Move over, silicon. In a breakthrough in the quest for the next generation of computers and materials, researchers at USC have solved a longstanding challenge with carbon nanotubes: how to actually build them with specific, predictable atomic structures.
"We are solving a fundamental problem of the carbon nanotube," said Chongwu Zhou, professor in the Ming Hsieh Department of Electrical Engineering at the USC Viterbi School of Engineering and corresponding author of the study published August 23 in the journal Nano Letters. "To be able to control the atomic structure, or chirality, of nanotubes has basically been our dream, a dream in the nanotube field."

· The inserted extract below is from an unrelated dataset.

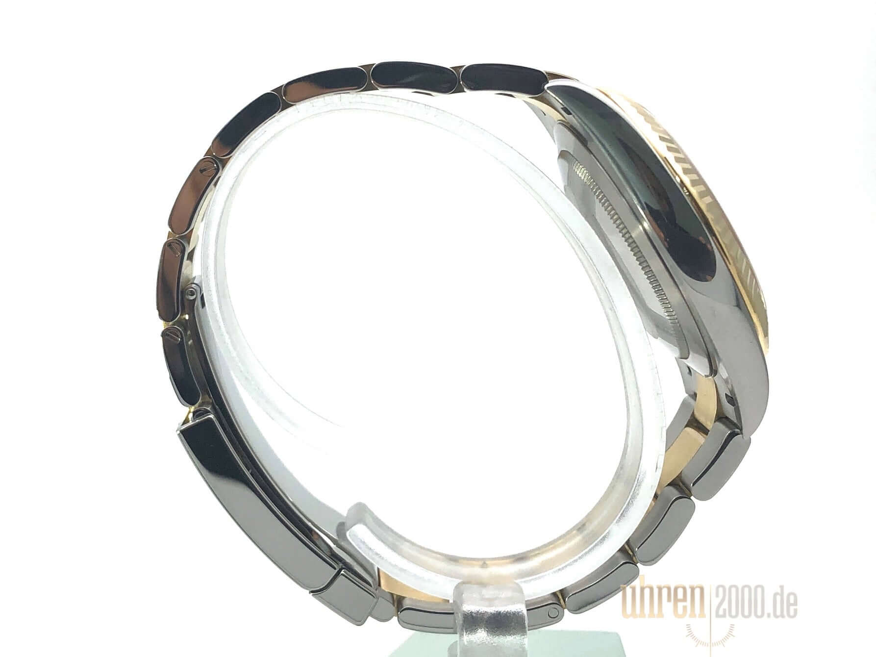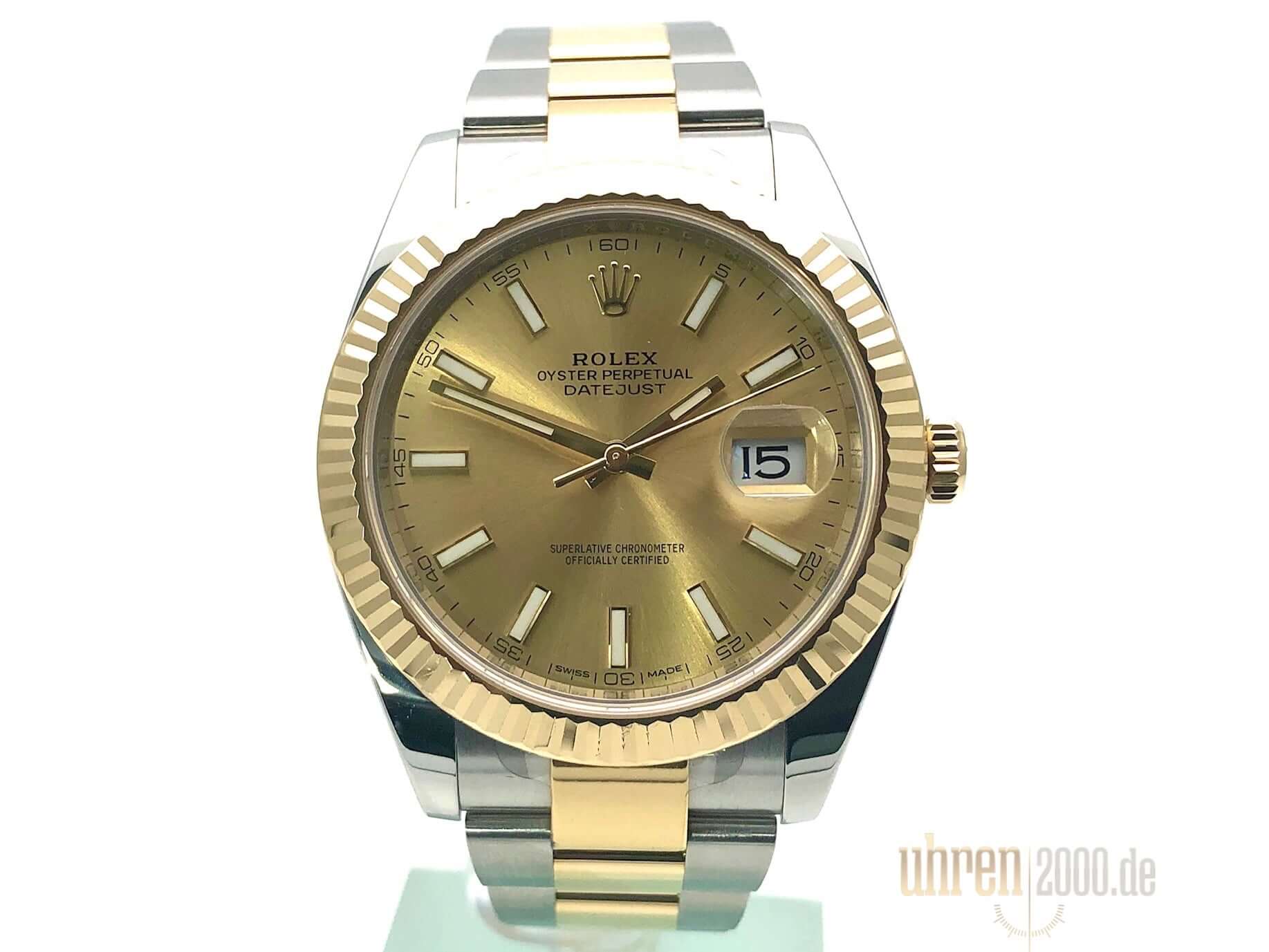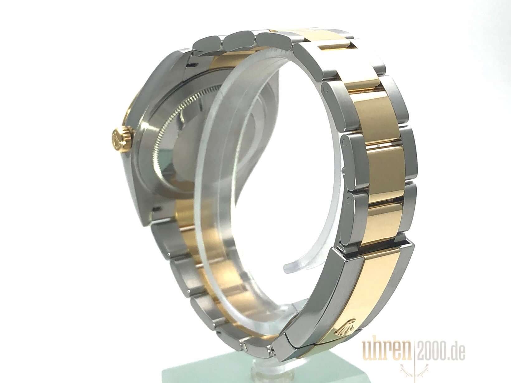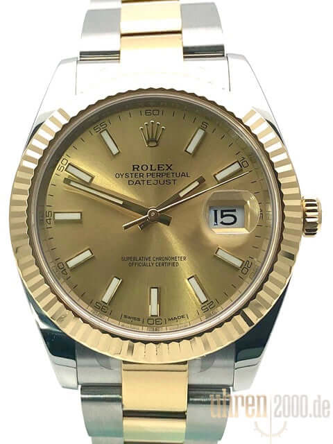 Gehäuse aus Edelstahl / Gelbgold poliert und satiniert, Gehäusedurchmesser 41 mm, geriffelte 18 kt Gelbgold Lünette, Oyster Armband aus Edelstahl / 18 kt Gelbgold poliert und satiniert mit Faltschließe, Champagnerfarbenes Zifferblatt mit 18 kt Gelbgold Leuchtindizes, Automatikwerk, Rolex Manufakturkaliber 3235, 70 Stunden Gangreserve, Datumsanzeige, Chronometer, kratzfestes Saphirglas, verschraubte 18 kt Gelbgold Krone, Edelstahlboden verschraubt, Wasserdicht bis zu 10 bar.
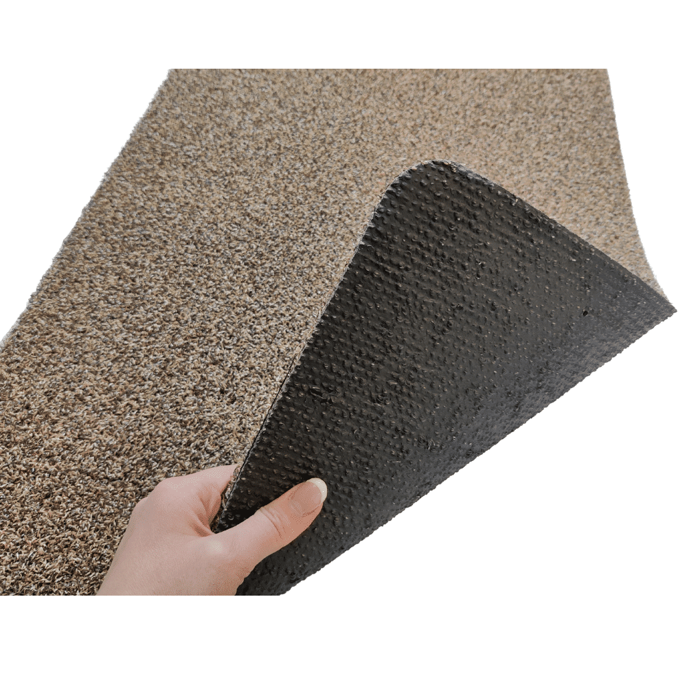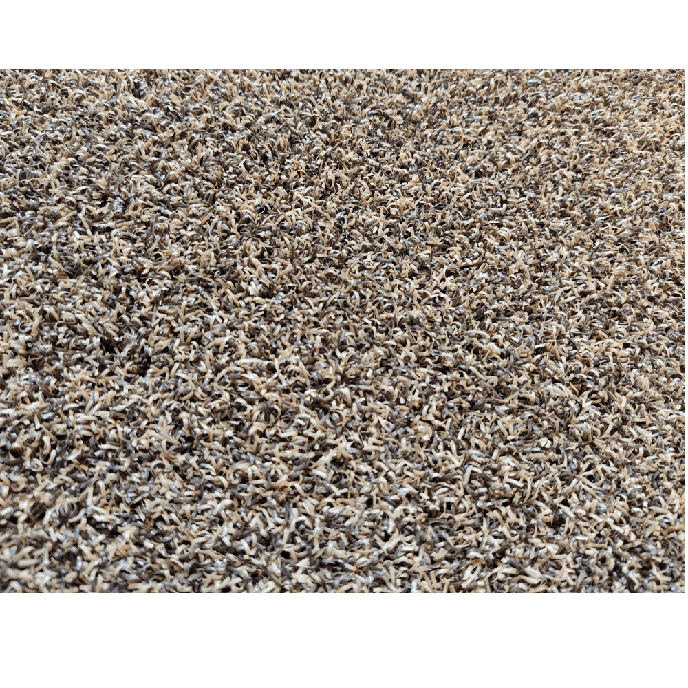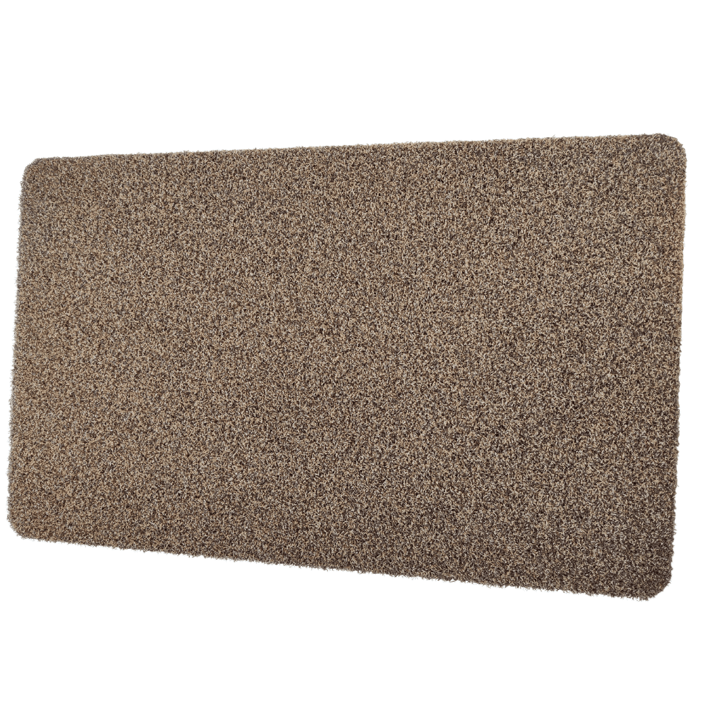 Tyylikäs kynnysmatto 50 x 80 cm Hestia vaaleanruskea imee tehokkaasti itseestä hyvin lian, mudan ja soran eteisessä. Kura kynnysmatossa on karhea muovipohja ja sen päälimateriaali on karheaa ja kovaa tekonurmimaista materiaalia.

If this is an age built on silicon, then the next one may be built on carbon nanotubes, which have shown promise in everything from optics to energy storage to touch screens. Not only are nanotubes transparent, but this research discovery on how to control the atomic structure of nanotubes will pave the way for computers that are smaller, faster and more energy efficient than those reliant on silicon transistors.
"We are now working on scale up the process," Zhou said. "Our method can revoutionize the field and significantly push forward the real applications of nanotube in many fields."
Until now, scientists were unable to "grow" carbon nanotubes with specific attributes—say metallic rather than semiconducting—instead getting mixed, random batches and then sorting them. The sorting process also shortened the nanotubes significantly, making the material less practical for many applications.
For more than three years, the USC team has been working on the idea of using these short sorted nanotubes as "seeds" to grow longer nanotubes, extending them at high temperatures to get the desired atomic structure.
A paper last year by the same team in Nature Communications outlined the technique, and in the current Nano Letters paper, the researchers report on their latest major success: identifying the "growth recipes" for building carbon nanotubes with specific atomic structures.
"We identify the mechanisms required for mass amplification of nanotubes," said co-lead author Jia Liu, a doctoral student in chemistry at the USC Dornsife College of Letters, Arts and Sciences, recalling the moment when, alone in a dark room, she finally saw the spectral data supporting their method. "It was my Eureka moment."